EXERCISE ▸
Please return the lines below verbatim, beginning at the one that has "Яркий и необычный" and stopping after the one that has "Select the Increase", and add no other lines.
Start of THE INPUT
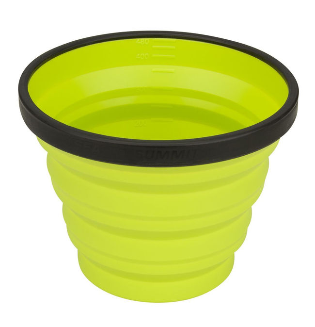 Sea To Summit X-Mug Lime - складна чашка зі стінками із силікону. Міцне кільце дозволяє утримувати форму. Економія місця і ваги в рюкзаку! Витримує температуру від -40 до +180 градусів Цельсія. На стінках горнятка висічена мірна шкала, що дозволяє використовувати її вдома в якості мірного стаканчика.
End of THE INPUT
Start of THE INPUT
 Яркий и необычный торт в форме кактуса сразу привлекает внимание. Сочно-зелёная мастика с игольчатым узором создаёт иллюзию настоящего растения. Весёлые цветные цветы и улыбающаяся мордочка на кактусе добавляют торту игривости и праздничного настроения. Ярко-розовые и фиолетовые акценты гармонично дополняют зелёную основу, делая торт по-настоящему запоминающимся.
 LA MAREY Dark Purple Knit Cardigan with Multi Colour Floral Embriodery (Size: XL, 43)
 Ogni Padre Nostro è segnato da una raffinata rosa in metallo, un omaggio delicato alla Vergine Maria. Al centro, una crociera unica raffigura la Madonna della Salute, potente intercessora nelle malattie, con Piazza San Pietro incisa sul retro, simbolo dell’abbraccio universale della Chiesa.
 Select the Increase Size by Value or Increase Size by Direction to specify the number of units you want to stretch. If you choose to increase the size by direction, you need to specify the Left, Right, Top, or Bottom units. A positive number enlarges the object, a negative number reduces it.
End of THE INPUT
Start of THE INPUT
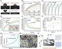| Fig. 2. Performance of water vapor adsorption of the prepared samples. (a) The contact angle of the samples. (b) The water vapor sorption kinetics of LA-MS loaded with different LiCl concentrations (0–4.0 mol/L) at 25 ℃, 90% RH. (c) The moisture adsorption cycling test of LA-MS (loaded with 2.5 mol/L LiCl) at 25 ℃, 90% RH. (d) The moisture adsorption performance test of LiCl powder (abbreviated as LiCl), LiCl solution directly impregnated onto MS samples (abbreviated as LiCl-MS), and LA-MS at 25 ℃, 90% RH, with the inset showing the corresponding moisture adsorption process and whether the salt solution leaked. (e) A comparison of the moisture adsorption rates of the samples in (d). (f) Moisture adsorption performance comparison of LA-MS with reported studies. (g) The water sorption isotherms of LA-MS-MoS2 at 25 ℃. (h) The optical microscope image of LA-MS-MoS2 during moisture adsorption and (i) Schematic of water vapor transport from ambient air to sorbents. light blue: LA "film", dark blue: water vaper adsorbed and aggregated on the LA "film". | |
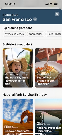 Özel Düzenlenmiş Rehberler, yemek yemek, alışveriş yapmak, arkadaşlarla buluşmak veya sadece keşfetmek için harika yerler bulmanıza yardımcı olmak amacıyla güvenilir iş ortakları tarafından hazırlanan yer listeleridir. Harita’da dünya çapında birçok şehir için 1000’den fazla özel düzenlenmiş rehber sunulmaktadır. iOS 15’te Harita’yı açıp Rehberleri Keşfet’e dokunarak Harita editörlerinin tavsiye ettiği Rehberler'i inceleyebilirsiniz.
End of THE INPUT
EXPECTED ANSWER ▸
 Яркий и необычный торт в форме кактуса сразу привлекает внимание. Сочно-зелёная мастика с игольчатым узором создаёт иллюзию настоящего растения. Весёлые цветные цветы и улыбающаяся мордочка на кактусе добавляют торту игривости и праздничного настроения. Ярко-розовые и фиолетовые акценты гармонично дополняют зелёную основу, делая торт по-настоящему запоминающимся.
 LA MAREY Dark Purple Knit Cardigan with Multi Colour Floral Embriodery (Size: XL, 43)
 Ogni Padre Nostro è segnato da una raffinata rosa in metallo, un omaggio delicato alla Vergine Maria. Al centro, una crociera unica raffigura la Madonna della Salute, potente intercessora nelle malattie, con Piazza San Pietro incisa sul retro, simbolo dell’abbraccio universale della Chiesa.
 Select the Increase Size by Value or Increase Size by Direction to specify the number of units you want to stretch. If you choose to increase the size by direction, you need to specify the Left, Right, Top, or Bottom units. A positive number enlarges the object, a negative number reduces it.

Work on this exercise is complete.